So, I just finished reading Collapse: How Societies Choose to Fail or Succeed, by Jared Diamond, and I wrote a book report for you, if you're interested. I should have been studying or translating today, but instead I wrote this. I'm going to focus my attention on the last chapter, which deals with the state of the modern world as a whole, but all the preceding chapters serve as vivid illustrations of the kinds of problems he discusses there.

I've never yet encountered such a cogent presentation of the reality that a society's environmental interests are not separate from its economic and social interests. The economic interests of individuals or of groups over the short term may often seem to be weightier than their environmental interests, but in reality, economic and social wealth comes directly from spending environmental capital. If we spend that capital faster than it can renew itself, as we are doing right now, we are headed for big trouble. Historically, environmentally precipitated societal collapses have occurred with great (and frequently completely unforeseen) rapidity, right after those societies reached their peak of wealth and power (and environmental destruction). Even those who are in a position to profit from making the situation worse for everyone else often only gain "the privilege of being the last to starve." (Not to mention the rich and powerful are often the first targets of violence once things start to fall apart.)
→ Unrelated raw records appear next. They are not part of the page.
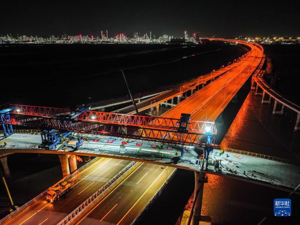 當日,在杭甬復線(xiàn)寧波一期濱?;ネㄊ┕がF場(chǎng),濱?;ネɡ^主線(xiàn)和F匝道兩次上跨之后,第三次成功跨越金塘大橋,為實(shí)現年底建成目標邁出重要一步。新華社發(fā)(姚峰攝)
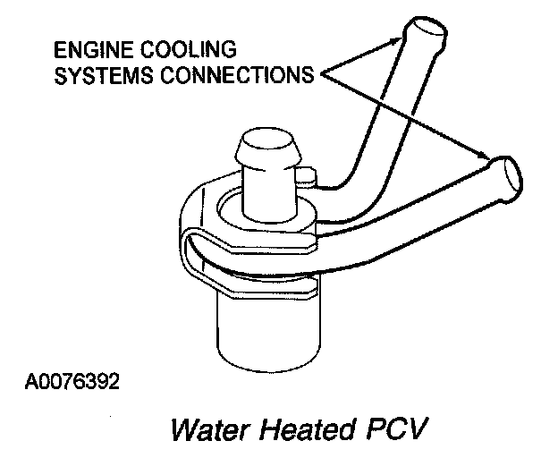 Currently, both heated and non-heated PCV systems are used. The heated systems use either a water heated valve, an electrically heated valve, or an electrically heated tube. Engine coolant flows around the water heated valve to prevent it from freezing. Electrically heated systems use a heating element enclosed in the PCV valve, PCV fitting or the PCV tube to prevent the valve or tube from freezing. The valve or the tube heater can be controlled by either the PCM or the thermal harness.
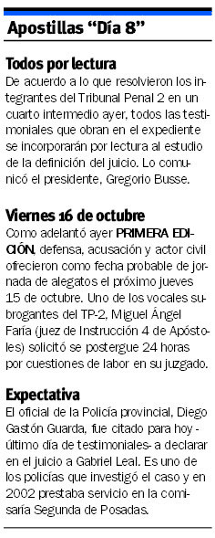 La octava jornada de debate oral y público a Gabriel Cristóbal Leal se concretó este jueves en la sala de audiencias del Tribunal Penal 2 de esta capital y, a diferencia del miércoles que sólo declaró un oficial de la Policía provincial, fueron siete los citados que cumplieron con sus testimoniales.

As you may know, I tend to focus on energy concerns as the most pressing problem facing us today. But in the last chapter of the book, Diamond makes a very compelling case that that is only one of a dozen problems that all must be solved within the next few decades in order to avoid extreme reductions in the standard of living worldwide. If we fail to solve even one of them, we're in big trouble.

I'll give some specific examples of problems that I didn't really appreciate the magnitude of until reading this book. One is the rapidly decreasing amount of arable land due to erosion, desalinization, overfarming resulting in loss of fertility, and other causes, resulting in less and less farmland at a time when more and more food is needed to support increasing population and increasing consumption. Most of the freshwater readily available for human use worldwide is already being utilized, and aquifers worldwide are being drained faster than they are being replenished. Desalinizing sea water is an option, but I'd like to know where you expect the energy required to do that on a significant scale is going to come from.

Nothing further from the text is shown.